Patricia, who had been returning from Notre Dame's game at West Virginia earlier that day, remains in critical but stable condition.
A loyal supporter of the Irish for many years, Patricia has assisted Notre Dame's coordinator of basketball operations Stephanie Menio with numerous marketing and promotional activities, and also coordinated regular bus trips for fans to see the Irish on the road.
Supporters desiring to send get-well cards to Patricia are asked to mail them to: Patricia McAdams, Parkview Hospital STICU, Room 1110, 2200 Randallia Dr., Fort Wayne, IN 46805.
Donations (including flowers) on behalf of Patricia and her family may be made to: Ashley Fire Department, c/o Chief Micah Liby, P.O. Box 349, Ashley, IN 46705. Patricia and her family are grateful for the quick response by the emergency medical technicians from the Ashley Fire Department, who were the first on the scene after the accident.

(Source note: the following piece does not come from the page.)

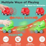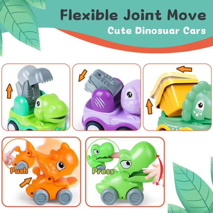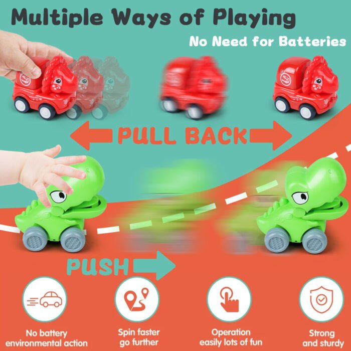 - This dinosaur friction toy car has multiple forward modes, all of which do not require batteries. 6 mini dinosaur cars with pull back function only need to be pulled backwards and then released, and they will run forward one by one! The other 2 big dino truck can be pushed forward in a fun and simple way. Choose your baby’s favorite dinosaur and start the competition!

Here's a rundown of some upcoming promotions and giveaways at future Notre Dame women's basketball games this season. Tickets may be purchased in advance at the Irish athletics ticket office (second floor of the Joyce Center through Gate 1; 574-631-7356), on game day at the Gate 10 ticket windows of the Joyce Center, or via the Internet at Notre Dame's official athletics web site (UND.com). Please note < additional promotions and giveaways may be added at a later date, so consult the Notre Dame promotions web site (www.notredamepromotions.com) for the latest information:
Jan. 22 vs. DePaul - Dance, Dance, Dance ... Midweek Mania (buy one
ticket, get one free) ... Irish women's basketball pizza cutters to first 1,000 fans, courtesy of Crocs ... post-game autograph session courtside with selected Notre Dame players.
Next Game: DePaul
The Irish open a three-game homestand Tuesday at 8 p.m. (ET) when they welcome No. 23/22 DePaul to the Joyce Center for the first of two matchups between the teams this season. The game will be televised live to a national cable audience on CSTV, the second of four appearance for Notre Dame on that network this season.
The Blue Demons (13-3, 2-1) reeled off 10 consecutive wins to open the season, then stumbled briefly with three losses in four games, before righting themselves with back-to-back wins in the past week. DePaul will visit Marquette Saturday afternoon (playing opposite Notre Dame and Georgetown on the BIG EAST-Regional Sports Networks Game of the Week
package) before coming to South Bend.